Gerber, 74, of Cleveland, decided to settle abroad after retiring as chief administrative officer of a hospital.

He lived in Turkey, Switzerland, Greece and finally in San Miguel, where he has been for 15 years.

Gerber is corporate secretary of Feed the Hungry, an association that distributes food to 3,000 children. It is one of the dozens of NGOs promoted by Americans that have contributed to transform this city.

While walking between monumental mansions and churches of Spanish colonial style, it shows the park remodeled by what he calls a “bunch of gringos”, a handful of Americans.

Always in English, he explains that a “bunch of gringos” rescues stray dogs and another “bunch of gringos” builds houses for poor families.

– Proud to be ‘gringo’ –

“I’m proud to be a gringo,” he says smiling on the way home, showing a red cap similar to Trump’s.

But this one has the inscription “Make America Mexico again“, in allusion to the old Mexican territory turned American after the war of 1847.

With the mass influx of US retirees over the last 20 years, economic boom and booming real estate sector came.

The foreigner is looking for “a property with character, with flavor to Mexico, with flavor to San Miguel de Allende”, that is to say of the colonial style, explains Salvador Moreno, owner of ABC Reality.

 

– Party and chimes –

Amy Wegner, a 62-year-old Los Angeles expublicist, has lived here since 2006 but does not adapt to the numerous street celebrations, thunderous pyrotechnics, and the ringing of bells in this 160,000-strong city.

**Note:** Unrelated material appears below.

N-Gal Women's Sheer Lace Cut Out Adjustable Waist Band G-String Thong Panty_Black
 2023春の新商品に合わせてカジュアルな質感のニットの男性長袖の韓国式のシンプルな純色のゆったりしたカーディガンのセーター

“Now I live 8 kilometers from the city. For me, the center has become tumultuous, noisy, dirty, with many crimes, many dogs, too many church bells, “he says.

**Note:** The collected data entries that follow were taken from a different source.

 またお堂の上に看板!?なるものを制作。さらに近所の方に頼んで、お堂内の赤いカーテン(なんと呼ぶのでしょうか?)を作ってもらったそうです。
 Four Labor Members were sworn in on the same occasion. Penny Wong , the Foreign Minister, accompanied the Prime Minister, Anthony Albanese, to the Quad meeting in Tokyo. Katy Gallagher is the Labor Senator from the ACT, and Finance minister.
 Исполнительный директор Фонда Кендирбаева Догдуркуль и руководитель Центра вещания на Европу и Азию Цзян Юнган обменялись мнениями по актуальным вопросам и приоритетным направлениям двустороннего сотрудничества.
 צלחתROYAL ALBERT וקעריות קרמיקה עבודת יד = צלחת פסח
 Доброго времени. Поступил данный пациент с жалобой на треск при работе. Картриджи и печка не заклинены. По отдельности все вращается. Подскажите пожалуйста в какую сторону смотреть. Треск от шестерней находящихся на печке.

Instead, her friend Laura Kuykendall, a retired Cleveland lawyer who spends her winters here, is a lover of Mexican culture.

Wear an Indian blouse with a button that proclaims: “I do not support the wall, racism, discrimination or hatred.”

 

“I’m very worried about the situation in the United States and what (Trump) says about the Mexicans. Mexico is my second country, “says Kuykendall, contemplating moving to San Miguel for the duration of this presidency.

Wegner acknowledges that the migrant workforce is crucial to the United States and visibly excited reminds a Guatemalan woman who was her domestic employee 15 years. “He never said how he arrived. I never asked. She was absolutely adorable, her name was Guadalupe”.